Sunday, September 02, 2012

Republicans disappointed Obama wasn't a Republican.

Republicans had absolutely no intention of working with the president back in '08-'09.
On Inauguration Day, Gingrich said recently, he told his wife, Callista, that if Obama followed through on what he had said throughout the campaign, “he will be Eisenhower and he will split the Republican Party.”
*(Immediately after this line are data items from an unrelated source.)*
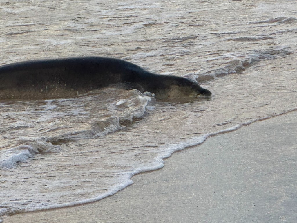 Early on the first morning, we discovered Boris, a monk seal, who squiggled up to the Brennacke Beach.
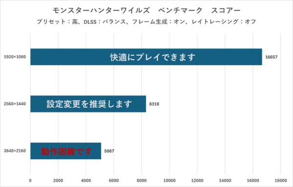 モンスターハンターワイルズはベンチマークソフトを使用。グラフィックプリセットは「高」、DLSSのアップスケーリングモードは「バランス」、フレーム生成は「ON」、レイトレーシングは「OFF」に設定した。解像度はフルHD・WQHD・4Kの3パターン。
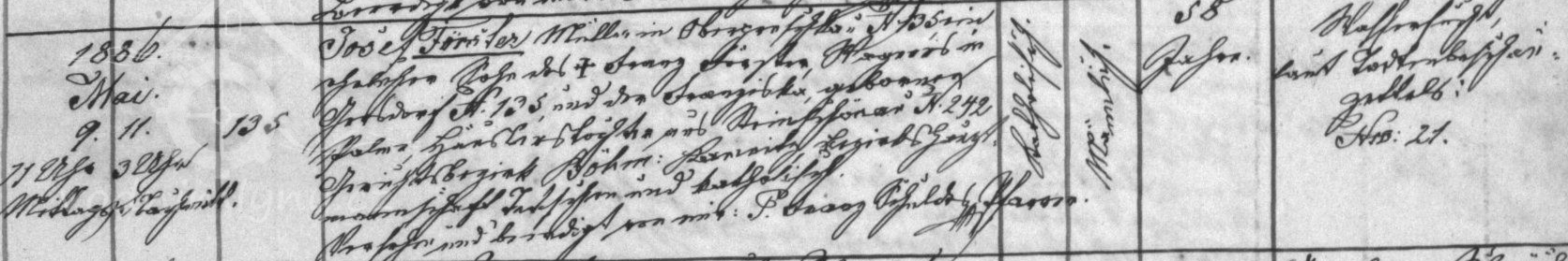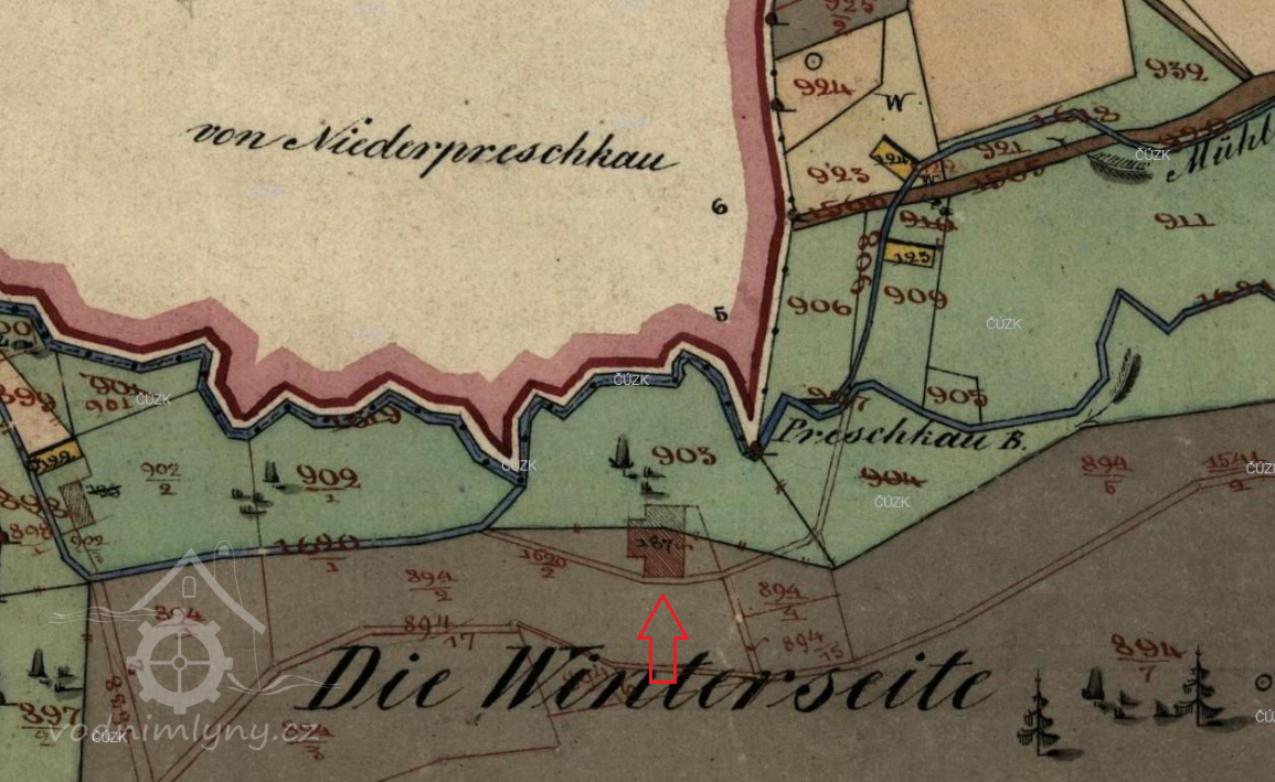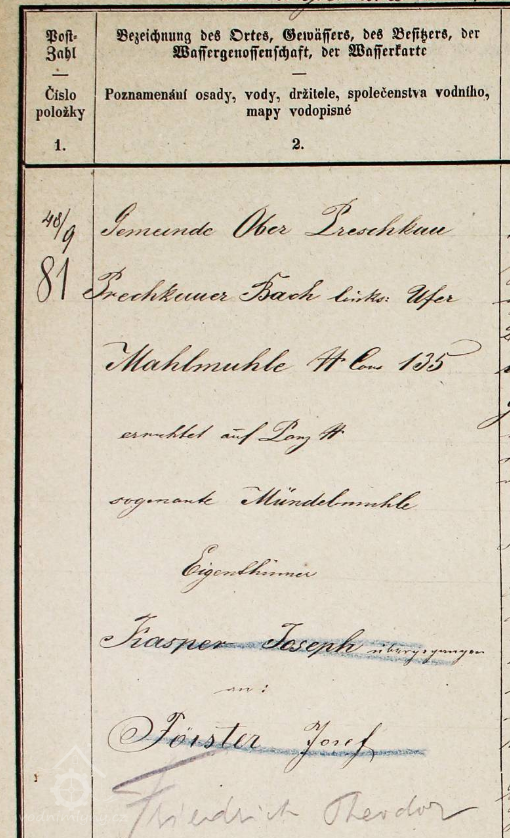 Na začátku 80. let 19. století byl majitelem mlýna Josef Förster, syn koláře Franze Förstera z obce Kerhartice. Jeho manželkou byla Katahrina, rozená Weiss. Josef Förster provozoval pouze mlýn, pekárnu při mlýně vedl najatý pekař Franz Passtel. Mlynář zemřel již v květnu 1886 ve věku 58 roků. Vdova Katharina se již v srpnu téhož roku provdala za pekaře Franze Passtela, který byl o 21 roků mladší: nevěstě bylo při sňatku 48, ženichovi necelých 27 roků.
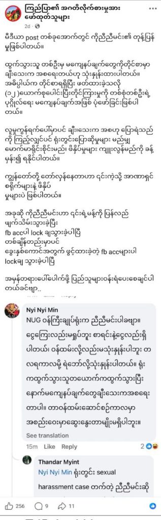 ပုံစာ။ NUG အမြဲတမ်းအတွင်းဝန် ကြည်ပြာနှင့် လင်ဖြစ်သူ ညီညီမင်းအကြောင်း တိုင်စာ၊ ပို့စ် အချို့။

Later that evening, Gingrich joined a dozen or so other Republicans for a dinner at the Caucus Room restaurant. Their conversation about how to plot a comeback was described in some detail by author Robert Draper in his book “Do Not Ask What Good We Do.”  
 When Gingrich left the dinner, he told his colleagues, “You’ll remember this as the day the seeds of 2012 were sown.” 
And,
White House officials mark Jan. 27, 2009, as the day they realized what they were facing. Obama was scheduled to go to Capitol Hill to discuss the stimulus bill with House and later Senate Republicans. In a meeting that morning, then-House Minority Leader John A. Boehner (R-Ohio) exhorted his troops to oppose the bill. Before the president left the White House, House Republicans publicly announced their opposition. Chicago Mayor Rahm Emanuel, White House chief of staff during the first two years of the Obama administration, said recently, “If you decide before you listen what your position is, it’s really hard to build trust, cooperation and openness.” A senior adviser to Boehner provided a different context. He said Boehner was trying to appeal to the president to break with House Democrats on the stimulus. “We wanted to get the president to reject the House stimulus and work with us on one that would work,” he said. “At that point, we were still hoping to work with him in the bipartisan way he’s described.” 
What Republicans were asking was, in fact, extraordinary. They were asking him to make a compromise he did not have to make. They were asking him to reject his party and invite Republicans into the room. They were asking that he make a gesture simply to show he was serious about changing politics — without any guarantee that by doing so he would win even a minimal number of Republican votes.